An artificial intelligence (AI) system can predict breast cancer in mammograms better than a radiologist, with results holding across two large datasets that are representative of different screening populations and practices, as shown in a recent study. This highlights the technology’s potential to enhance the efficiency of breast cancer diagnosis.
“Despite the widespread adoption of mammography, interpretation of these images remains challenging. The accuracy achieved by experts in cancer detection varies widely, and the performance of even the best clinicians leaves room for improvement,” the investigators pointed out. [Radiology 2009;253:641-665; JAMA Intern Med 2015;175:1828-1837]
“False positives can lead to patient anxiety, unnecessary follow-up and invasive diagnostic procedures. Cancers that are missed at screening may not be identified until they are more advanced and less amenable to treatment. [This said], AI may be uniquely poised to help with th[e] challenge,” they added. [JAMA Intern Med 2014;174:954-961; NPJ Breast Cancer 2017;3:12]
The AI system used in the study consisted of an ensemble of three deep learning models, each operating on a different level of analysis (individual lesions, individual breasts and the full case). It was trained and tuned using mammograms from about 76,000 women in the UK (where screening is performed every 3 years) and more than 15,000 in the US (where women are screened every 1–2 years). The system's performance in the clinical setting was evaluated in UK and US test sets that comprised 25,856 and 3,097 women, respectively.

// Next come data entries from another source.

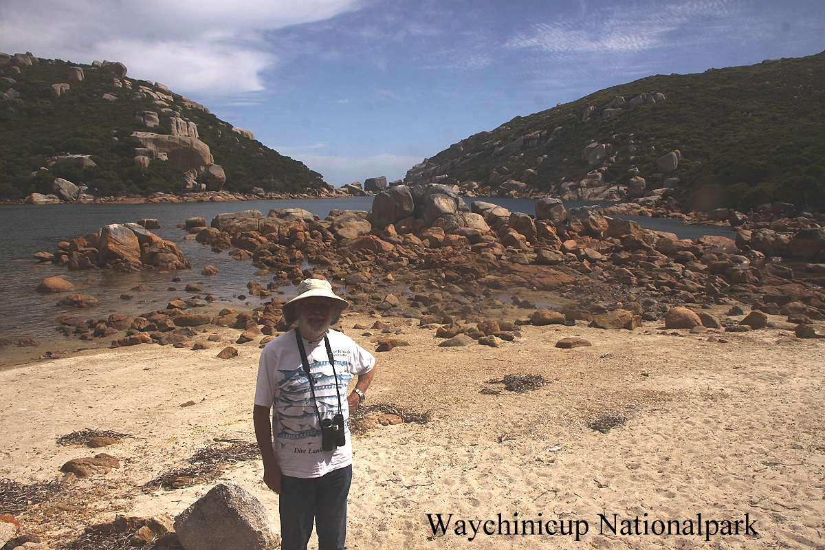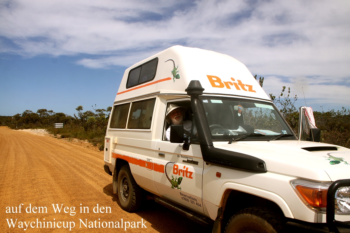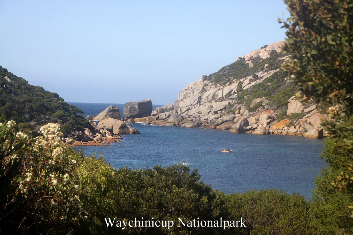 Wir gingen wieder zurück zum Auto und machten uns auf den Weg zum Waychinicup Nationalpark, der etwa 60 km weiter im Osten von Albany liegt. Die letzten 6 km führten über eine sehr enge und holprige Strecke. Am Ziel angekommen suchten wir zunächst nach einem passenden Platz zum Übernachten. Der Campingplatz in dichtem Gebüsch (Heath) gelegen, hat nur wenige Stellplätze. Alle waren belegt bis auf einen, den wir schnell besetzten. Wir machten einen kleinen Spaziergang einen engen Pfad zum Meer hinunter. Die Aussicht auf eine Bucht, eingerahmt von mächtigen runden Felsen mit einer engen Verbindung zum Meer, war beeindruckend. |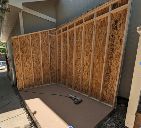 Shed construction was performed by the contractor. Kevin hung shelves and equipment hooks.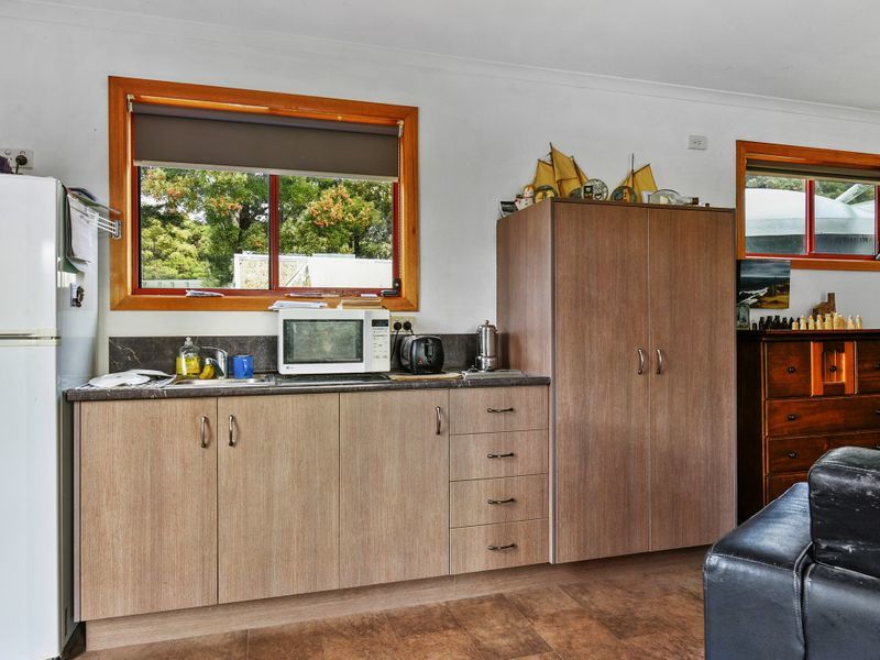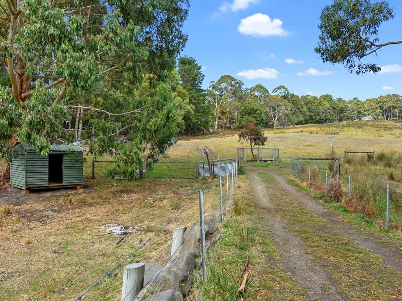 Previously a goat farm there is existing infrastructure in place including a modern workshop that was designed as a goat birthing shed which also includes a potential bedroom and bathroom that is incomplete. The sunlit open-plan 2 bedroom home has a lock-up garage that could also be utilized as a studio/sleepout or gym as there is also an additional undercover carport. -Situated across the road from the iconic Koonya Hall -Atmospheric wood heater at the heart of the home -Bathroom has separate bath and shower -3 separate dwellings giving multiple usage options -dams and a winter creek run through this property Currently leased to quality tenants happy to sign onto a longer lease term. Rent is $235 p/w for the house and $125 p/w for the chalet. We will require at least 48 hrs notice to show this property. Please not that boundary lines indicated on photos are only an approx indication and are NOT to scale. Located in picturesque countryside, approx 1hr.10 mins drive from Hobart Airport, Shelly Beach and surf beaches an easy drive away. The Koonya "old jetty site and waterfront is only a short stroll away..
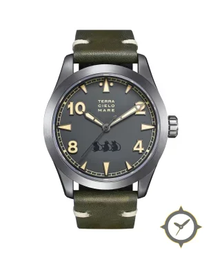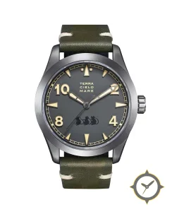 A Field watch with a vintage-inspired 37.5mm case, crafted from stainless steel featuring a gray dial with a unique matte finish.

Relative to the diagnosis made by first or sole radiologists, the AI system reduced the rates of false-positive and false-negative detection of biopsy-confirmed breast cancers by 1.2 percent and 2.7 percent, respectively, in the UK test set, and by 5.7 percent and 9.4 percent in the US dataset. [Nature 2020;577:89-94]
The system was remarkably able to generalize across populations and screening settings. When trained using only the UK dataset and applied to the US test set, the AI likewise outperformed radiologists, improving both the specificity (3.5 percent; p=0.0212) and sensitivity (8.1 percent; p=0.0006) of breast cancer diagnosis.
Furthermore, in an independent study of six radiologists, the AI system emerged as superior to all human readers. The area under the receiver operating characteristic curve achieved with the AI system was greater by an absolute margin of 11.5 percent compared with that achieved with the average radiologist.
The AI system maintained a noninferior performance when used to provide a second opinion as part of the double-reading process used in the UK, and it reduced the workload of the second reader by 88 percent. This result specifically underscores the potential of AI “to alleviate pressures on services in the context of a worldwide shortage of radiologists,” according to the investigators.
Overall, the data indicate that an AI system is capable of surpassing human experts in breast cancer prediction, they added.
“The optimal use of the AI system within clinical workflows remains to be determined. The specificity advantage exhibited by the system suggests that it could help to reduce recall rates and unnecessary biopsies. The improvement in sensitivity exhibited in the US data shows that the AI system may be capable of detecting cancers earlier than the standard of care. An analysis of the localization performance of the AI system suggests it holds early promise for flagging suspicious regions for review by experts,” they pointed out.
Beyond improving reader performance, the technology could also do away with double reading in most of UK screening cases, while maintaining a similar level of accuracy to the standard protocol, the investigators said. This points to the potential of delivering screening results in a sustainable manner despite workforce shortages.
“Prospective clinical studies will be required to understand the full extent to which this technology can benefit patient care,” they added.